ExxonMobil just announced its majority-owned affiliate, Imperial Oil Ltd., is moving forward with plans to produce renewable diesel at a new complex at its Strathcona refinery in Edmonton, Canada.  When construction is complete, the refinery is expected to produce approximately 20,000 barrels per day of renewable diesel, which could reduce emissions in the Canadian transportation sector by about 3 million metric tons per year. The complex will utilize locally grown plant-based feedstock and hydrogen with carbon capture and storage (CCS) as part of the manufacturing process.

The renewable diesel production process will utilize blue hydrogen, which is produced from natural gas with carbon capture and storage. Approximately 500,000 metric tons of CO2 are expected to be captured each year utilizing CCS. The blue hydrogen and biofeedstock will be combined with a proprietary catalyst to produce premium low-carbon diesel fuel.

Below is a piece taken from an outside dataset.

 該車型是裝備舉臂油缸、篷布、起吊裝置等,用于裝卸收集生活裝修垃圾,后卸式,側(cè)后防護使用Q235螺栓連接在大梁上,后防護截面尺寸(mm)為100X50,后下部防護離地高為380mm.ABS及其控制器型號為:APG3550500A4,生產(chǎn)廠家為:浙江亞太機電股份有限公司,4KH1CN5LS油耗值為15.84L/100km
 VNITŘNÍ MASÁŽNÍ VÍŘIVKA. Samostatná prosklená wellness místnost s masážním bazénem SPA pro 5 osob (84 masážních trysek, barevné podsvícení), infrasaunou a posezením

A final investment decision will be based on several factors, including government support and approvals, market conditions and economic competitiveness. Imperial will lead the project, which is expected to create about 600 direct construction jobs. Renewable diesel production is anticipated to start in 2024.

The Strathcona renewable diesel project is part of ExxonMobil’s plans to provide more than 40,000 barrels per day of low-emissions fuels by 2025. In the United States, the company has agreed to purchase up to 5 million barrels of renewable diesel annually from Global Clean Energy to supply markets in California.

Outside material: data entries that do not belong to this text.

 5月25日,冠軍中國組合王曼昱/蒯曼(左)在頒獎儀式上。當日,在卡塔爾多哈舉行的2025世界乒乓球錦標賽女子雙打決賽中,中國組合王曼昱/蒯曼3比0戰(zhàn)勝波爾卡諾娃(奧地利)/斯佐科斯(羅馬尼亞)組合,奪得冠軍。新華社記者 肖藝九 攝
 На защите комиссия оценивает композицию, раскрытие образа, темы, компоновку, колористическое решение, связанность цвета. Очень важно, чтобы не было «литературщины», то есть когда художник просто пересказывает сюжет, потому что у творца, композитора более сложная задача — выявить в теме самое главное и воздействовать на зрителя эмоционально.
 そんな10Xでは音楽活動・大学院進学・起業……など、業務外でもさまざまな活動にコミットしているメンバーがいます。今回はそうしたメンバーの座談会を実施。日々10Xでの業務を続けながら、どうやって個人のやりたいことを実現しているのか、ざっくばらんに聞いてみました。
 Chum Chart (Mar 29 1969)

Reactions from the stakeholders

“ExxonMobil Low Carbon Solutions has made the broad commercialization of carbon capture and storage our initial focus, and we are seeing increased momentum for projects that include hydrogen and biofuels – areas that we are uniquely suited to address and advance in combination with CCS,” said Joe Blommaert, president of ExxonMobil Low Carbon Solutions. “We strongly support an economy-wide price on carbon because it is the most efficient approach to changing behaviors and accelerating investments in low-emission technology. However, Canada’s Clean Fuel Regulation could be a model for other countries considering a sectoral approach. Technology-neutral, lifecycle carbon-intensity based fuels policies like the one proposed in Canada can quickly bring projects like Strathcona to scale and rapidly reduce emissions at a low cost to society.”

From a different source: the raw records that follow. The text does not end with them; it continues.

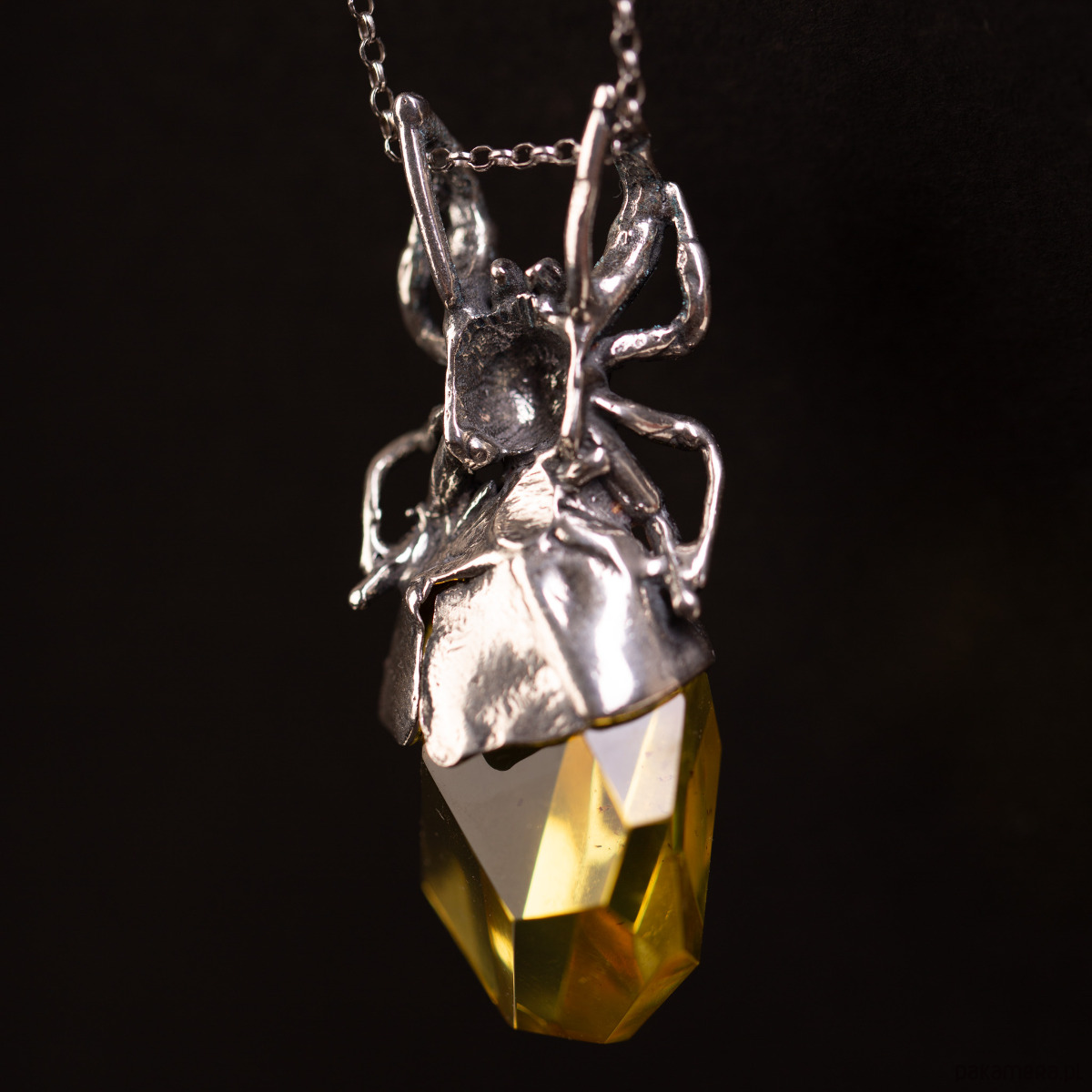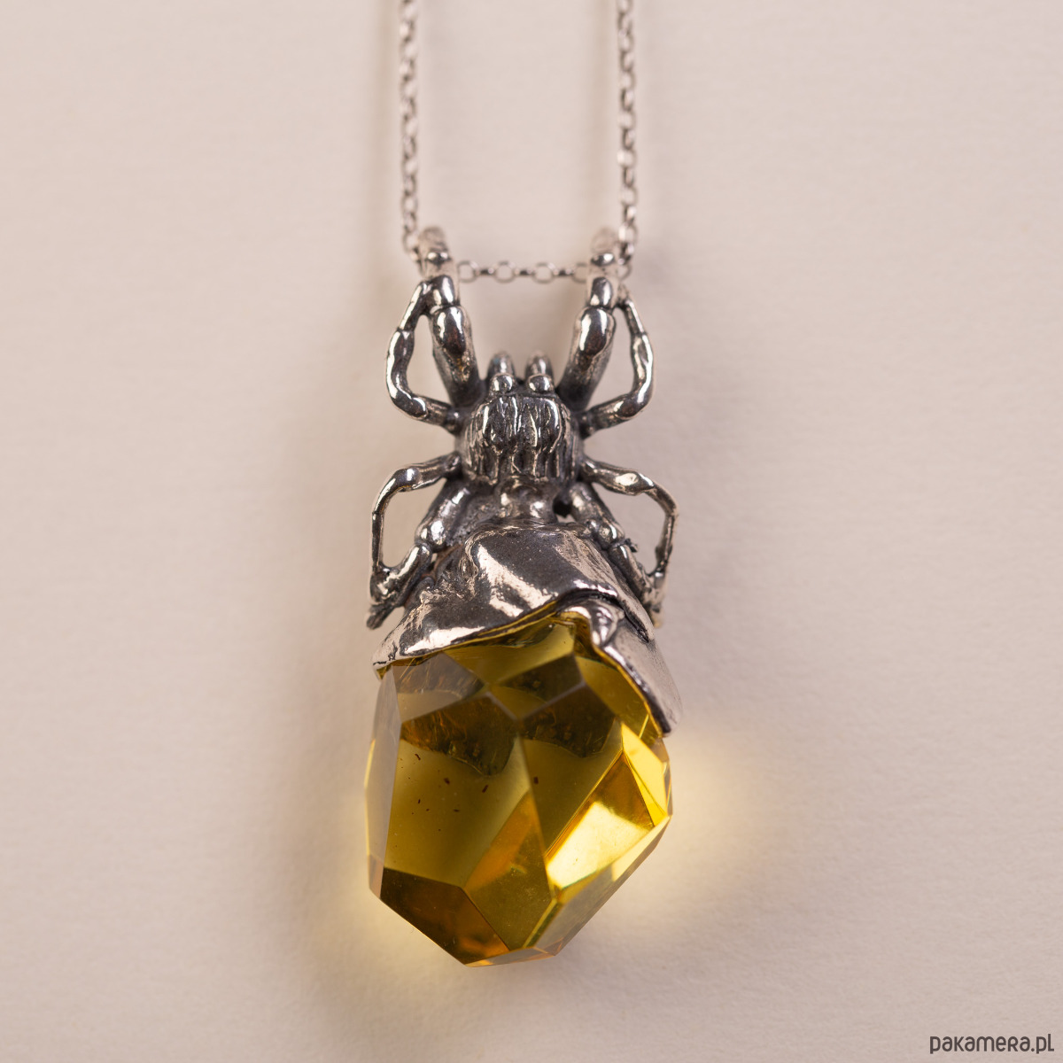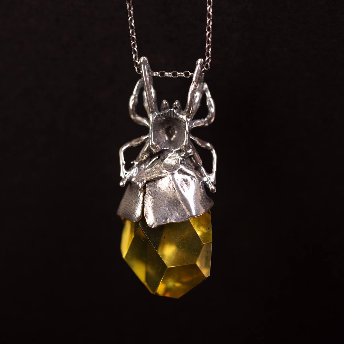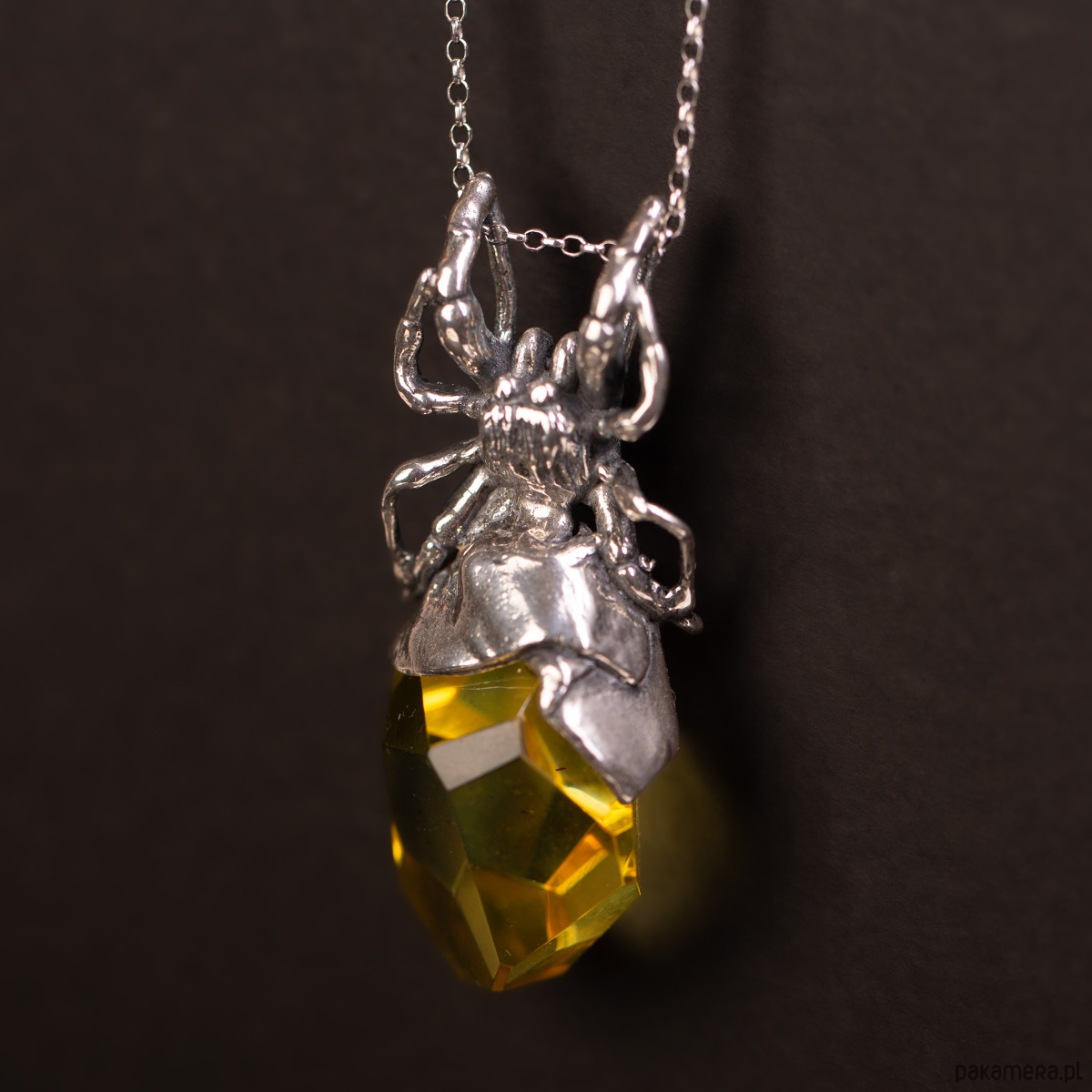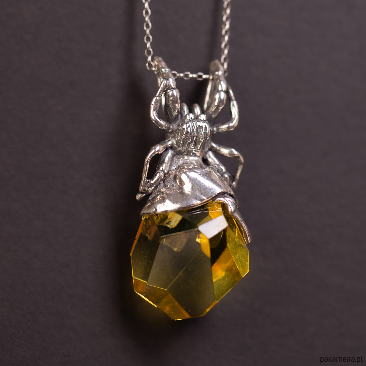 Artystyczny wisiorek wykonany z niezwykłą precyzją w srebrze próby 925. Srebrna rzeźba pająka została zaprojektowana tak, by jego odwłok stanowiła duża bryła bursztynu bałtyckiego o cytrynowo-żółtej barwie. Bursztyn został poddany fasetowaniu, co sprawia, że jego liczne płaszczyzny intensywnie załamują światło, tworząc dynamiczną grę blasków pod srebrnym korpusem pająka.
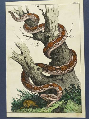 Aus: Gotthilf Heinrich von Schubert, Naturgeschichte der Amphibien, Fische, Weich- und Schaalenthiere, Insekten, Würmer und Strahlenthiere in Bildern. treu theils nach der Natur [...] (Eßlingen: Verlag J.F. Schreiber 1842). – Rechts oben nummeriert "Tab. 1". – Papier leicht gebräunt. Etwas fleckig und angeschmutzt. Stark beschnitten. Noch gut erhalten.
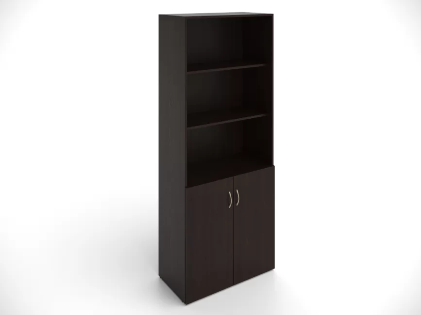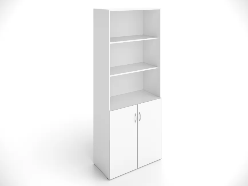 Универсальный шкаф для офисного хранения поделен на два сектора. Верхний, открытый - подойдет для совместного использования и для документов, которые нужны ежедневно. Нижний, закрытый (2 широкие полки) - для архивов и личных вещей.

“Canada’s proposed low-carbon fuel policies incentivize the development of lower-emission fuels that can make meaningful contributions to the hard-to-decarbonize sectors of the economy, including transportation,” said Ian Carr, president of ExxonMobil Fuels & Lubricants Company. “The Strathcona project is an example of how well-designed policies allow us to leverage our existing global facilities for capital efficiency, utilize our proprietary catalyst technology, and bring our decades of processing experience to develop low-emission fuels.”

Bottom Line

No matter how you look at it, big oil companies are teaming up with biobased companies like Brightmark and CleanBay to support more sustainable fuels. Sure, we’d like to see more action and more money from the big guys, but something is better than nothing. Tackling both the huge animal waste issue that the U.S. has from all those chickens and cows, while getting some RNG and renewable fuel out of it is a move in the right direction. We hope to see many more projects like this in the future being backed up by those that have the means and money to do so, like the bp’s, Chevron’s, and ExxonMobil’s of the world.